I wish to dwell for a moment on the rôle of the institutions—the unit trusts, the investment trusts, the pension funds, insurance companies and the banks. Undoubtedly it has become recognised by the men responsible for handling the enormous funds available for investment by these institutions that they have a responsibility to exert pressure on management for greater efficiency. I found a speech made by Lord Keynes as far back as 1928, as chairman of one of the great insurance companies in those days, in which he implored the institutions to take a more active part in promoting efficiency and supporting enterprise in this country. I will not weary the House by repeating in full the remarks which he made, but they are so totally germane to what we are discussing and to the general problem of the joint stock company that I strongly commend any hon. Member who is interested to look them through. I reprinted them in an article, and I shall be happy to supply a copy to anyone who is interested. The thoughts of that great man on this problem are so relevant that they should receive greater attention.

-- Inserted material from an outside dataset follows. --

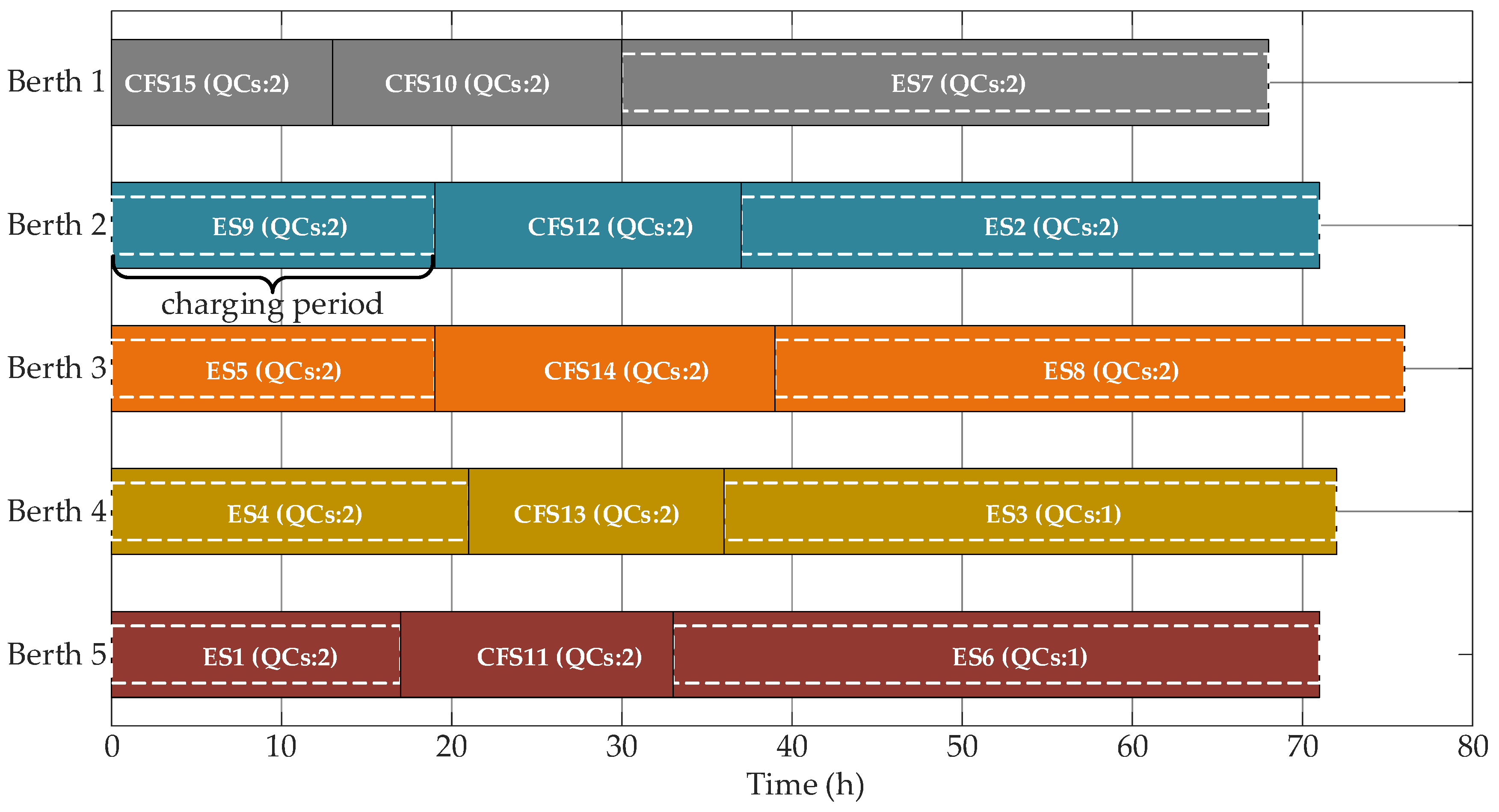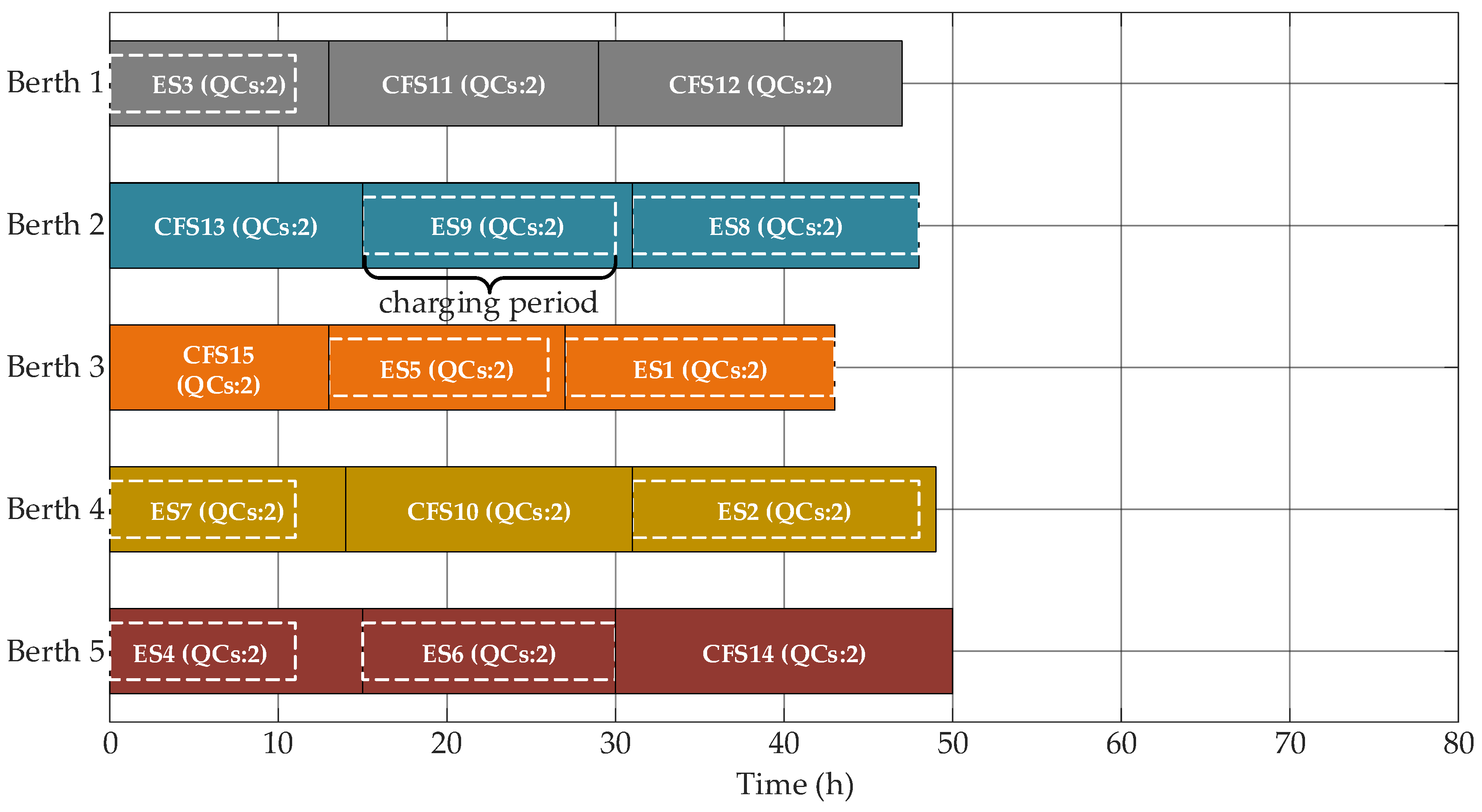 - No breakdowns: All equipment, including berths, QCs, and charging facilities, is assumed to be fully available and free from any maintenance or breakdowns throughout the planning horizon.

1652 The institutions seem to me to be hampered by a considerable number of restraints to which I shall come in a moment. The other force which is operating for the efficiency of private enterprise is Government pressure of all kinds. The Government exercise pressure through purchase policy, through monopolies legislation, through the way in which they influence public investment and the conduct of the nationalised industries, and they may achieve great things, as we hope they will, through the Industrial Development Executive which has just been announced. But it seems to me that when all is said and done, when all these pressures have been exerted, we still have between £40,000 million and £50,000 million worth of assets under the supervision of joint stock companies. At least 2,000 British firms are quoted daily in the Financial Times, and there are many other public companies whose shares are regularly traded in London. I cannot believe that we shall be able to restore efficiency to all these very many large concerns unless any troubles from which they may be suffering are cured from the inside. That is the object of my Bill.
It has been suggested that the institutions and the shareholders can exercise all the pressure necessary on management, if they lose heart and feel that management is not doing its best, by selling their shares, by not buying them or by not subscribing to new issues and thereby bringing about a fall in the share price, which undoubtedly has a certain effect on management. My first comment about that is that over recent years such pressures have evidently not been enough; otherwise, the performance of the private sector of the British economy would not be causing us so much concern.
Moreover, shareholders will only act in these ways when information has reached them on which they are able to form an opinion; but it is essential to get at the problem long before it becomes common knowledge, or even before certain well informed or shrewd individuals have an inkling that there is trouble. The joint stock company must have its own correction system for management and must not depend on forces outside.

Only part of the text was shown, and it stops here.